Sara Zabinski, a server at Colita, has worked in the restaurant industry for about 10 years. “I’m somebody who didn’t have much access to get a college degree, so the industry has ironically been my only form of stability for my life,” she said. But it’s still a “baseline of chaos”: seasonal fluctuations in business make it hard to maintain a steady income, especially given Minnesota’s long winter, and though she does have access to earned sick and safe time (as all Minnesota workers do), sick pay doesn’t match the money she would earn during a normal shift.
Both restaurants offer workers a health insurance plan, but Zabinski and other workers hope for improvements. “As a person who has dealt with more and more health issues over the past few years, and somebody that’s been sinking a lot of money in hospital bills that I can’t keep up on anymore, that’s something that has really put motivation [to unionize] behind my back,” she said. Mariam Karkache, a bar lead at Café Cerés, said it’s been challenging to access adequate mental health care on the company’s plan.

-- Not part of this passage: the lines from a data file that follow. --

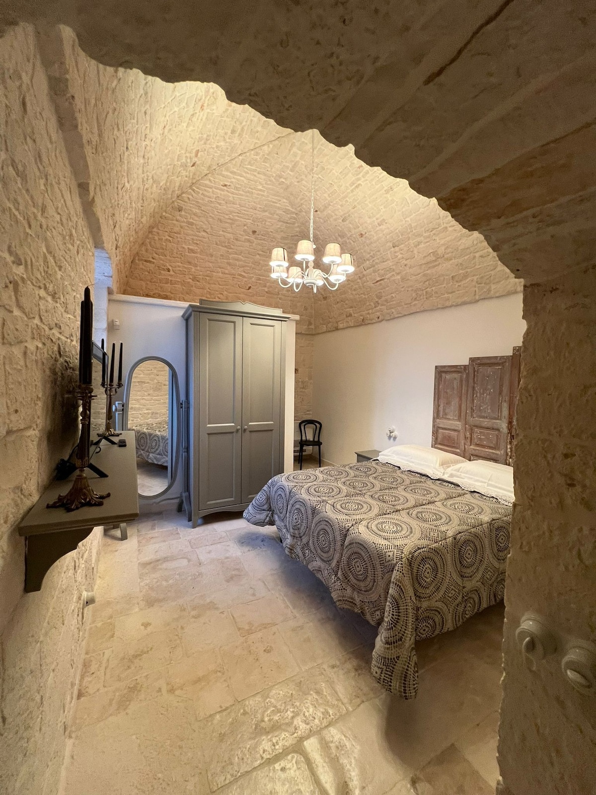 Suite matrimoniale nel centro storico di Alberobello, accanto al Trullo Sovrano, in un vicolo tranquillo e silenzioso. In una dimora storica, la suite è una tipica “Cummersa” = abitazione tipica dal tetto spiovente (cum vertice per la conformazione del tetto) con soffitto a volta. Vi troverete immersi in un ambiente unico, completamente in pietra. Ideale per una coppia che vuole trascorrere un soggiorno nella magica Alberobello, in centro, ma lontano dalle più caotiche e affollate vie del paese.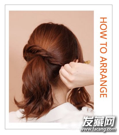 STEP 5:然后将左侧的扭转辫绕向马尾辫。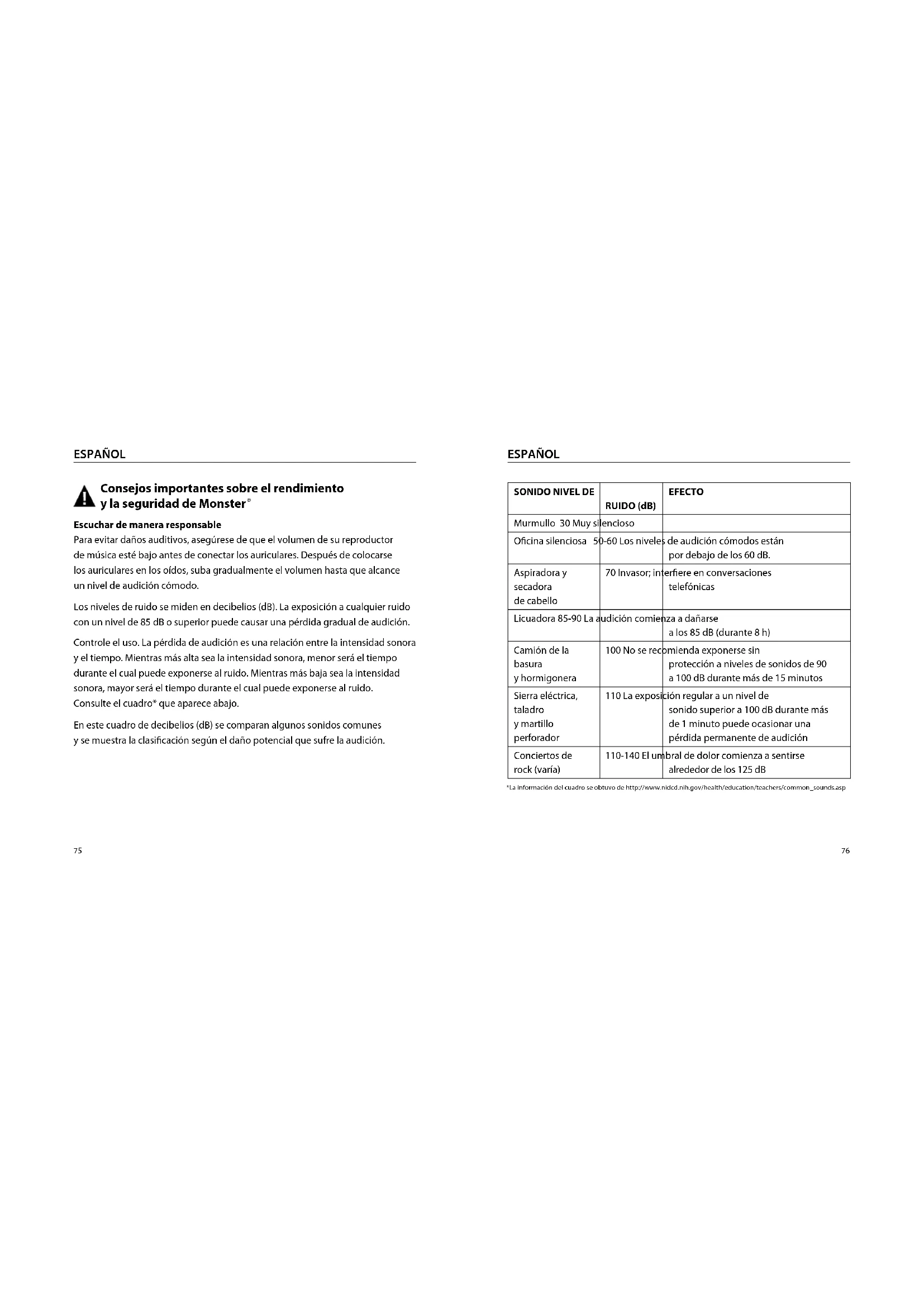 ESPAÑOL “…. una persona común puede escuchar de forma segura un iPod durante 4,6 horas diarias a un 70% del volumen”. “…es sumamente importante conocer los niveles a los que uno escucha música y durante cuánto tiempo”. De http://www.cbc.ca/health/story/2006/10/19/music-earphones.html Obtenga el máximo provecho de su equipo y disfrute de un excelente rendimiento del audio incluso a niveles seguros. Nuestros auriculares le permitirán escuchar más detalles a niveles de volumen más bajos, como nunca antes. Fisiología del oído y de la audición Para obtener información adicional sobre cómo afectan al oído los ruidos fuertes y sobre la referencia del cuadro visite http://www.abelard.org/hear/hear.php#loud-music Usar los auriculares de manera responsable No use los auriculares cuando no sea seguro: mientras conduce un vehículo, cuando cruza la calle o durante cualquier actividad o en cualquier ambiente donde deba poner toda su atención. Es peligroso conducir con los auriculares puestos y en muchos lugares es ilegal, ya que reduce la posibilidad de escuchar sonidos de alerta en la calle como la bocina de otro automóvil y las sirenas de vehículos de emergencia. Evite usar auriculares mientras conduce. Como alternativa, utilice uno de los transmisores FM de Monster para escuchar los dispositivos de medios móviles. Aprenda cómo establecer un nivel de audición seguro y revise otras pautas de seguridad importantes en los sitios web de la Asociación de consumidores de electrónica (Consumer Electronics Association) en www.ce.org y de la Fundación de investigación de la sordera (Deafness Research Foundation) en www.drf.org.79 ESPAÑOL

Silvia Jimenez came to the Twin Cities from Mexico three years ago — after working at another restaurant, she landed at Colita, where she started as a food runner and was promoted to server a year later. “I personally want my hours to be respected, and to have better wages,” she said through a Spanish interpreter. At the beginning of the summer, she requested to be scheduled for five days per week, but was recently cut to four days because the restaurant was “overstaffed,” she said. It’s a crucial difference because she attends school in the winter and relies on summer work as a sizable part of her income — with reduced hours, she doesn’t have the money to pay for school, rent, and bills.
Jimenez said she wants to improve communication between management and staff to have a more “harmonious” work environment with mutual respect, where workers’ voices are heard. She’s also hoping for a more flexible PTO and vacation policy.
Karkache emphasized that she and her coworkers care about Café Cerés, their guests, and their community. “We see a lot of potential with improvements for the cafe and improvements for our working conditions,” she said. “I hope that [management] can see that we’re coming from a place of good faith, and we want to collaborate and have a conversation.”
Zabinksi said her motivations extend beyond her own working conditions and benefits: She wants to help improve the service industry itself, and make it more accessible to a wider range of people — something that people “actually want to stay in,” knowing that they’ll be supported. Karkache, similarly, wants workers to deeply consider their power to ask for more from a workplace.
“I implore you to think about your lives, your working conditions, how work affects your life, and also ways that you want to see improvement within your workplace, for yourself and for your peers,” Karkache said. “I think it’s more than reasonable to have a seat at the table with management at your shop.”